Retype, exactly as they stand, the lines from the start of the data to the line that contains "Hepatitis B is", both ends included. Leave the pictures out.

» Source data
==================================================

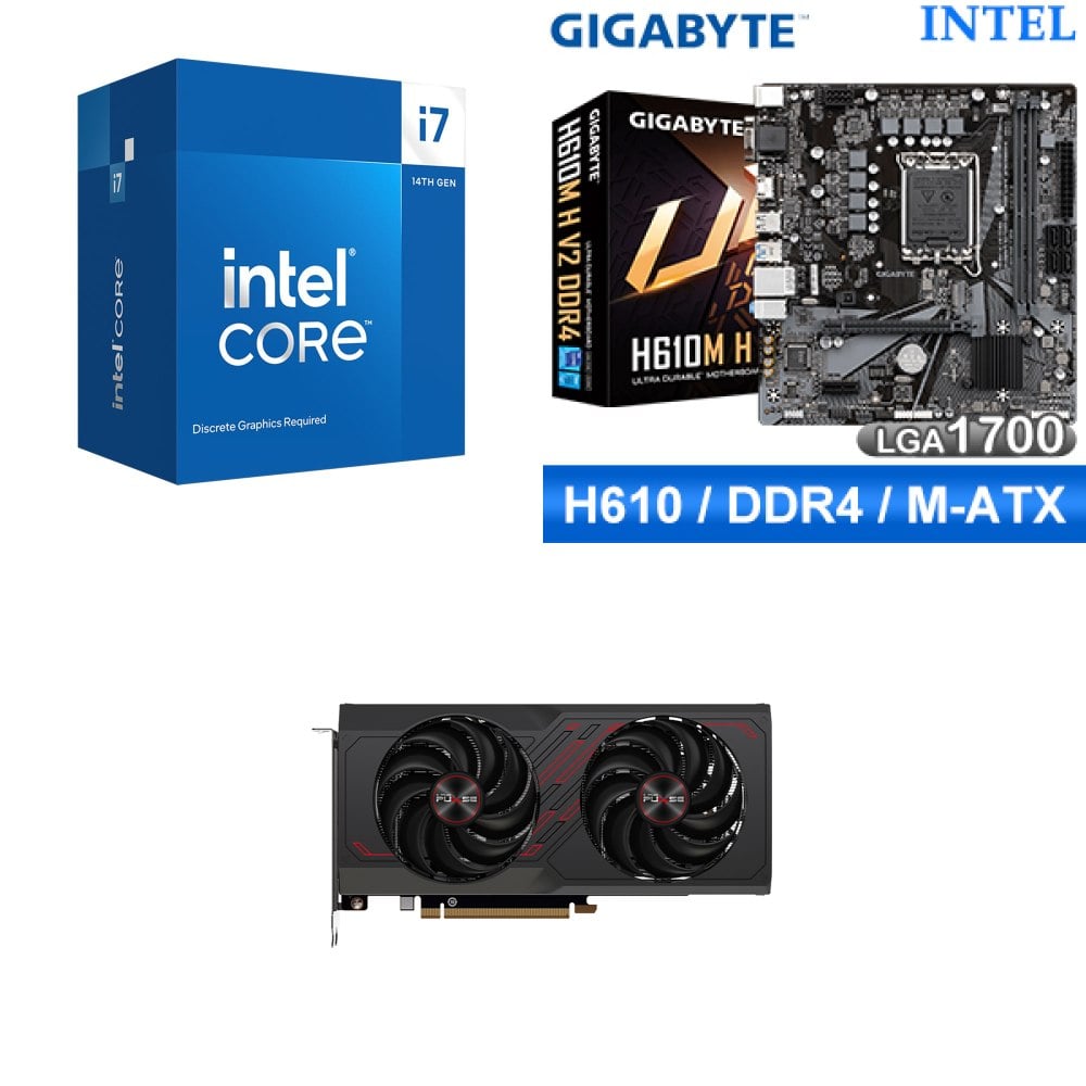 ☆裝機配★ i7-14700+技嘉 H610M H V2 D4 MATX主機板+藍寶石 PULSE 白金版 RX 7650 GRE GAMING 8GB 顯示卡
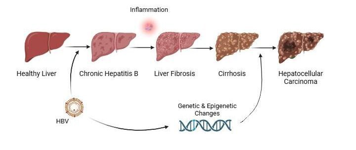Hepatitis B is a viral infection that is caused by the Hepatitis B virus (HBV). Infection with HBV primarily affects the liver, driving acute and chronic liver disease. Long-term HBV infection can lead to cirrhosis, liver failure, and hepatocellular carcinoma (HCC) (Figure 1). HBV infection is the leading cause of HCC and causes more than 850,000 deaths per year (Shen et al. 2023). Acute liver failure is a rare but severe complication of HBV infection, resulting in the sudden deterioration of liver function (Oketani et al. 2014). When Chronic Hepatitis B (CHB) advances to HCC, the liver undergoes a series of pathological changes through viral gene integration and epigenetic changes, chronic inflammation, persistent immune response, and tissue damage (Shen et al. 2023). Despite the availability of effective vaccines, HBV infection remains a global health concern, contributing to substantial morbidity and mortality worldwide (Shen et al. 2023).
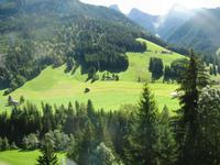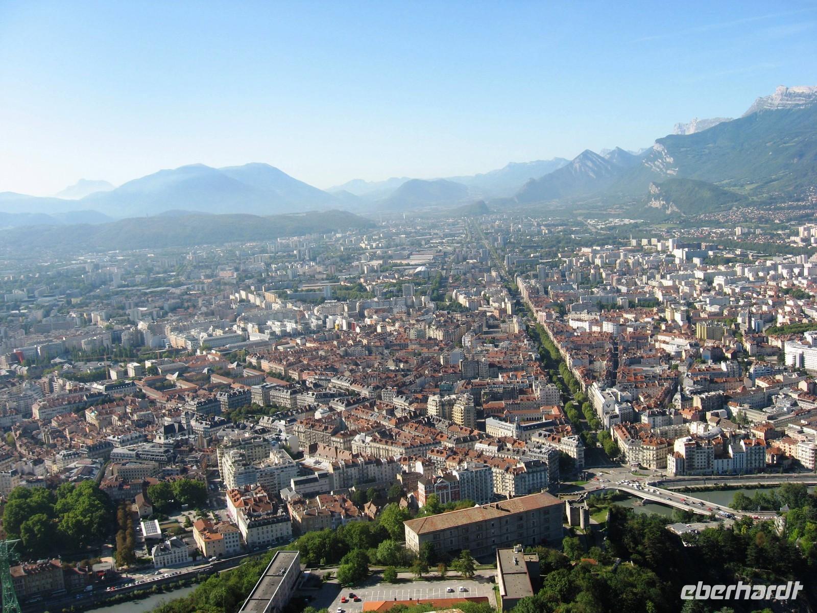 Schnell sind wir vom Hotel aus in der Stadt, genauer am Ufer der Isère. Von hier aus fahren wir wieder mit einer Seilbahn, diesmal der innerstädtischen Seilbahn von Grenoble aus den 30er Jahren über die Isère hinauf zur Bastille von Grenoble. Grenoble, die zweitgrößte Stadt in der Region Rhône-Alpes, war 1968 Austragungsort der Winterolympiade und wurde für dieses Ereignis vom damaligen französischen Präsidenten Charles de Gaulle mit großem baulichen Aufwand modernisiert. Von der Festung Bastille aus hat man einen tollen Blick auf die Stadt und das Umland, den Chartreuse-Regionalpark und sogar noch einmal den Mont Blanc. Anschließend machen wir einen kleinen Stadtrundgang, bevor es mittags weiter geht nach St. Hilaire du Touvet. Wir wollen hoch auf die Chartreuse, die wir von der Bastille in Grenoble aus schon gesehen haben. Eine teils offene Zahnradbahn bringt uns in knapp 30 Minuten zum Dorf St. Hilaire du Touvet. Wir fahren steil auf durch den Wald, hören das Rauschen eines Wasserfalls, das Glucksen eines Baches und dann sind wir schon oben auf der Chartreuse. Es eröffnen sich Spazierwege und ein Aussichtspunkt, von dem aus man noch einmal einen Blick auf den Mont Blanc hat und auf die Paraglider, die von hier aus in großer Zahl starten.

==================================================

» Written answer
 ☆裝機配★ i7-14700+技嘉 H610M H V2 D4 MATX主機板+藍寶石 PULSE 白金版 RX 7650 GRE GAMING 8GB 顯示卡
Hepatitis B is a viral infection that is caused by the Hepatitis B virus (HBV). Infection with HBV primarily affects the liver, driving acute and chronic liver disease. Long-term HBV infection can lead to cirrhosis, liver failure, and hepatocellular carcinoma (HCC) (Figure 1). HBV infection is the leading cause of HCC and causes more than 850,000 deaths per year (Shen et al. 2023). Acute liver failure is a rare but severe complication of HBV infection, resulting in the sudden deterioration of liver function (Oketani et al. 2014). When Chronic Hepatitis B (CHB) advances to HCC, the liver undergoes a series of pathological changes through viral gene integration and epigenetic changes, chronic inflammation, persistent immune response, and tissue damage (Shen et al. 2023). Despite the availability of effective vaccines, HBV infection remains a global health concern, contributing to substantial morbidity and mortality worldwide (Shen et al. 2023).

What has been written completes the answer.